_ACTIVITY_
Output the entries in full and verbatim, pictures omitted.

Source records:
▬▬▬▬▬▬▬▬▬▬

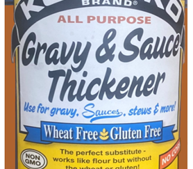 Introducing the WORLD’S first Wheat and Corn Free, Gluten Free Gravy Thickener. Easier to use than corn starch; just sprinkle into hot or cool gravy. Microwaveable; Works like flour without wheat, corn or gluten! 100% RICE STARCH made white rice.Introducing the WORLD’S first Wheat and Corn Free, Gluten Free Gravy Thickener. Easier to use than corn starch; just sprinkle into hot or cool gravy. Microwaveable; Works like flour without wheat, corn or gluten! 100% RICE STARCH made white rice.
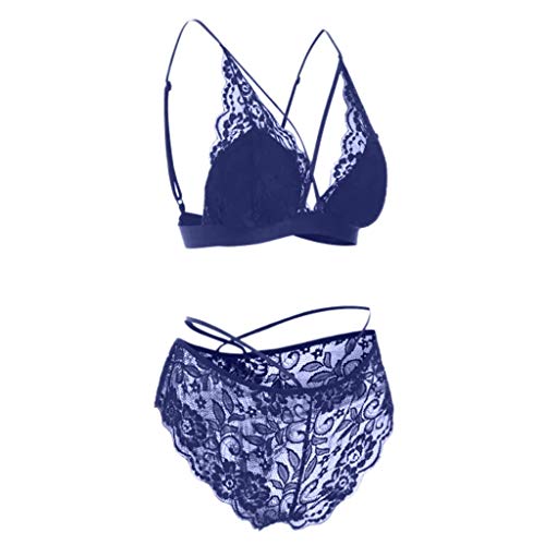 Lace Ring Women Sexy Size Strappy Set Plus Steel Crisscross Passion No Bra Sexy Negligee (Blue, XXXL)
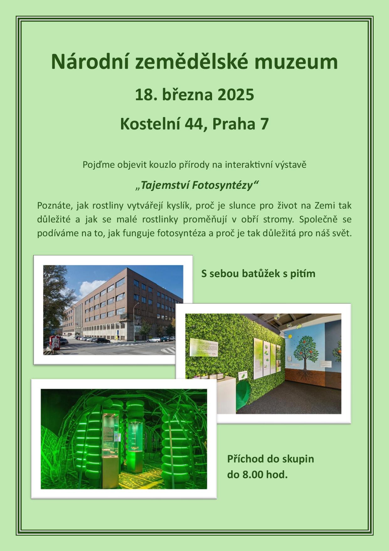 V úterý 18. března navštívily dětské skupiny Zemědělské muzeum v Praze 7, výstavu FOTOTSYNTÉZA. Výstava dětem zábavnou formou představila proces fotosyntézy. Velkoplošné instalace a interaktivní prvky výstavy zaujaly děti nejvíce. Jako bonus děti navštívily i výstavu traktorů, kde děti využily nabídku na jízdu na šlapadlech.
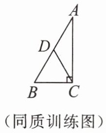 同质训练 如图,在 $ Rt \triangle ABC $ 中, $ \angle ACB = 90^{\circ} $, $ CD $ 与 $ AB $ 相交于点 $ D $, $ CD = BD $. 求证: $ CD = \frac{1}{2}AB $.
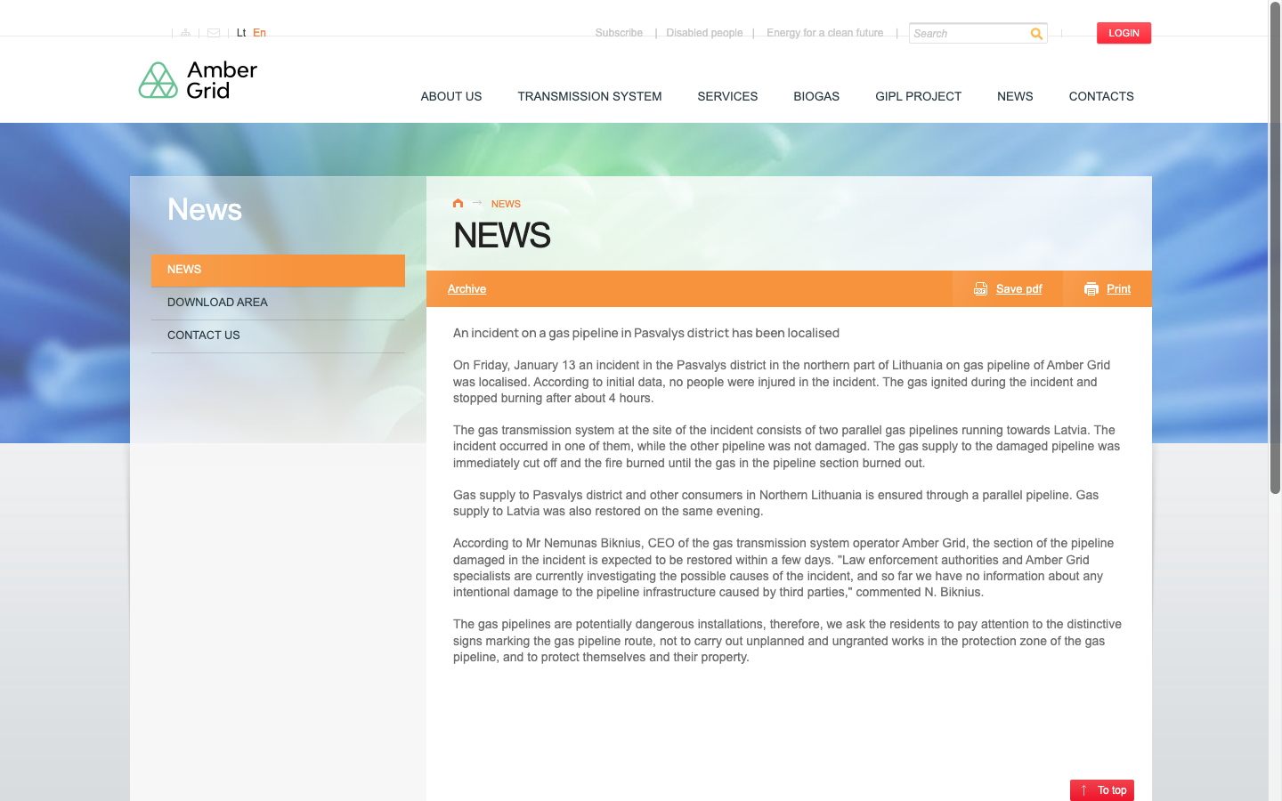 Известно, что газопровод используется для подачи газа в северную часть Литвы и для транспортировки газа в Латвию. Компания Amber Grid, которая обслуживает газопровод, в срочном порядке проинформировала правительство о сложившейся ситуации.
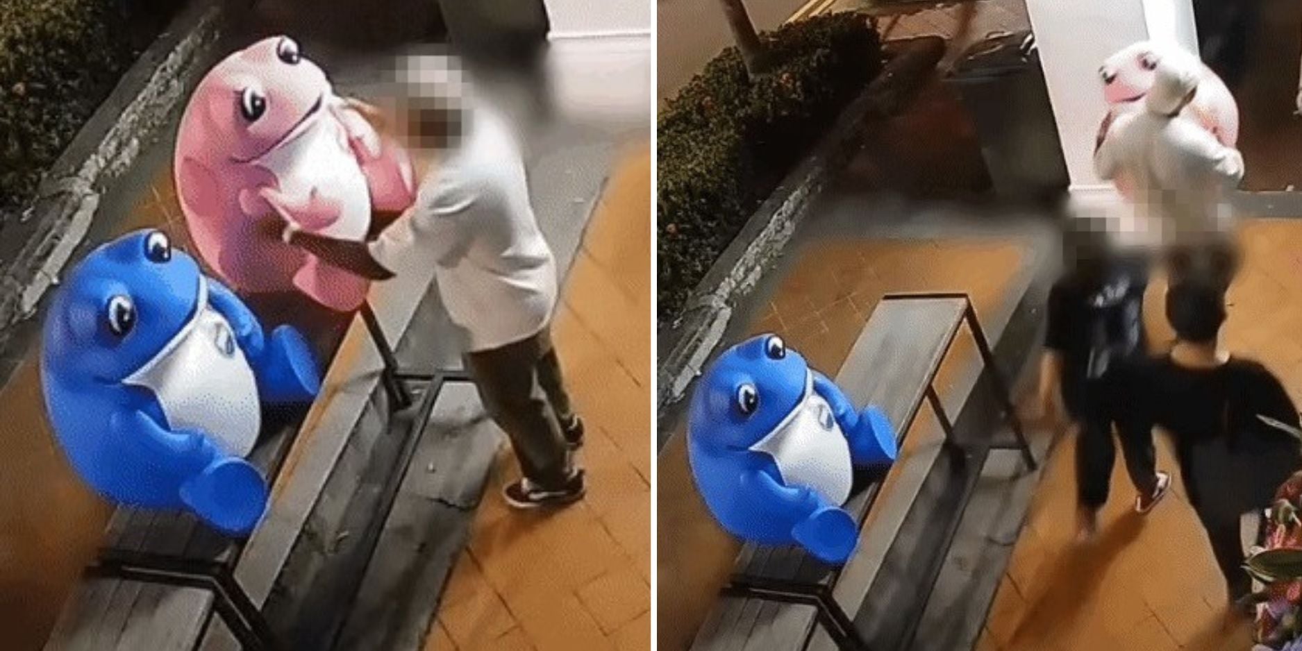 Pink frog statue was taken from outside Korean restaurant by man who walked past
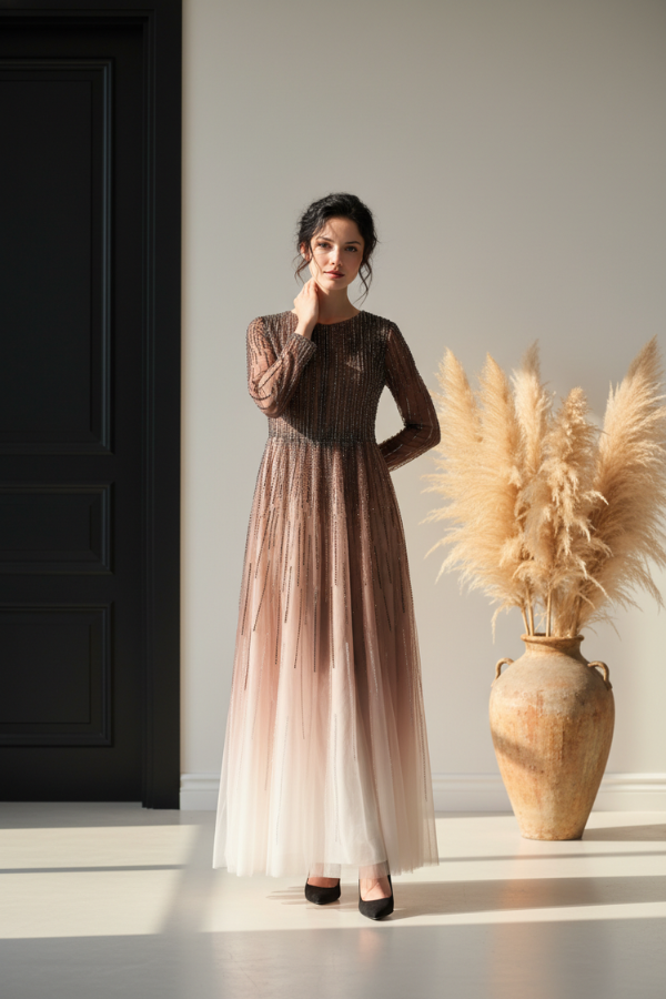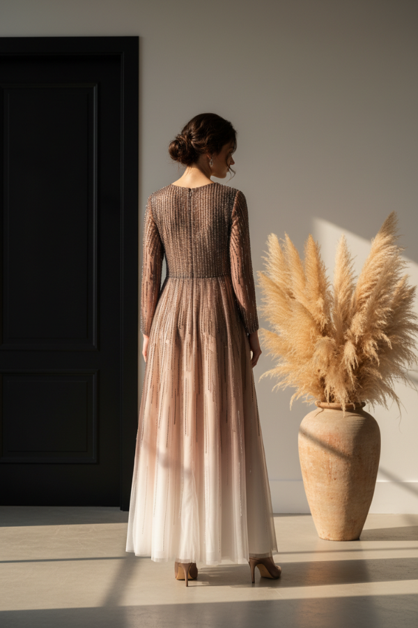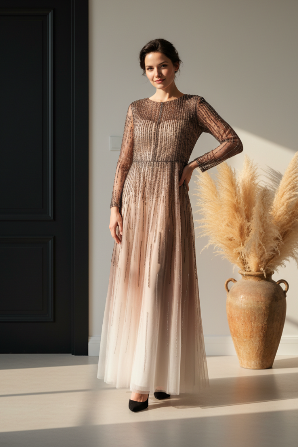Μακρύ βραδινό φόρεμα σε nude–σαμπανί απόχρωση, που αποπνέει διακριτική πολυτέλεια και ρομαντισμό. Το επάνω μέρος διαθέτει μακριά μανίκια και φίνο διάφανο ύφασμα με λεπτές shimmer λεπτομέρειες, χαρίζοντας κομψή λάμψη χωρίς υπερβολή. Η γραμμή του φορέματος αγκαλιάζει απαλά το σώμα στο μπούστο και τη μέση, αναδεικνύοντας τη σιλουέτα με φυσικό τρόπο.
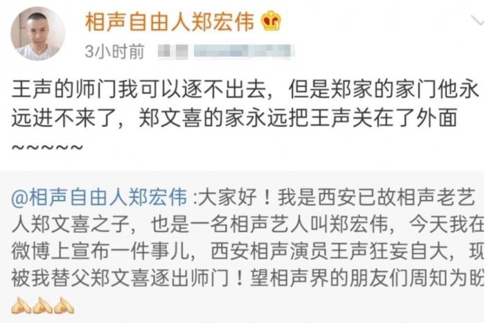 而郑宏伟的父亲郑文喜,刚好是王声的师父,于是郑宏伟便发了一条微博,称要替父亲清理门户。

▬▬▬▬▬▬▬▬▬▬

_EXERCISE RESULT_
 Introducing the WORLD’S first Wheat and Corn Free, Gluten Free Gravy Thickener. Easier to use than corn starch; just sprinkle into hot or cool gravy. Microwaveable; Works like flour without wheat, corn or gluten! 100% RICE STARCH made white rice.Introducing the WORLD’S first Wheat and Corn Free, Gluten Free Gravy Thickener. Easier to use than corn starch; just sprinkle into hot or cool gravy. Microwaveable; Works like flour without wheat, corn or gluten! 100% RICE STARCH made white rice.
 Lace Ring Women Sexy Size Strappy Set Plus Steel Crisscross Passion No Bra Sexy Negligee (Blue, XXXL)
 V úterý 18. března navštívily dětské skupiny Zemědělské muzeum v Praze 7, výstavu FOTOTSYNTÉZA. Výstava dětem zábavnou formou představila proces fotosyntézy. Velkoplošné instalace a interaktivní prvky výstavy zaujaly děti nejvíce. Jako bonus děti navštívily i výstavu traktorů, kde děti využily nabídku na jízdu na šlapadlech.
 同质训练 如图,在 $ Rt \triangle ABC $ 中, $ \angle ACB = 90^{\circ} $, $ CD $ 与 $ AB $ 相交于点 $ D $, $ CD = BD $. 求证: $ CD = \frac{1}{2}AB $.
 Известно, что газопровод используется для подачи газа в северную часть Литвы и для транспортировки газа в Латвию. Компания Amber Grid, которая обслуживает газопровод, в срочном порядке проинформировала правительство о сложившейся ситуации.
 Pink frog statue was taken from outside Korean restaurant by man who walked past
Μακρύ βραδινό φόρεμα σε nude–σαμπανί απόχρωση, που αποπνέει διακριτική πολυτέλεια και ρομαντισμό. Το επάνω μέρος διαθέτει μακριά μανίκια και φίνο διάφανο ύφασμα με λεπτές shimmer λεπτομέρειες, χαρίζοντας κομψή λάμψη χωρίς υπερβολή. Η γραμμή του φορέματος αγκαλιάζει απαλά το σώμα στο μπούστο και τη μέση, αναδεικνύοντας τη σιλουέτα με φυσικό τρόπο.
 而郑宏伟的父亲郑文喜,刚好是王声的师父,于是郑宏伟便发了一条微博,称要替父亲清理门户。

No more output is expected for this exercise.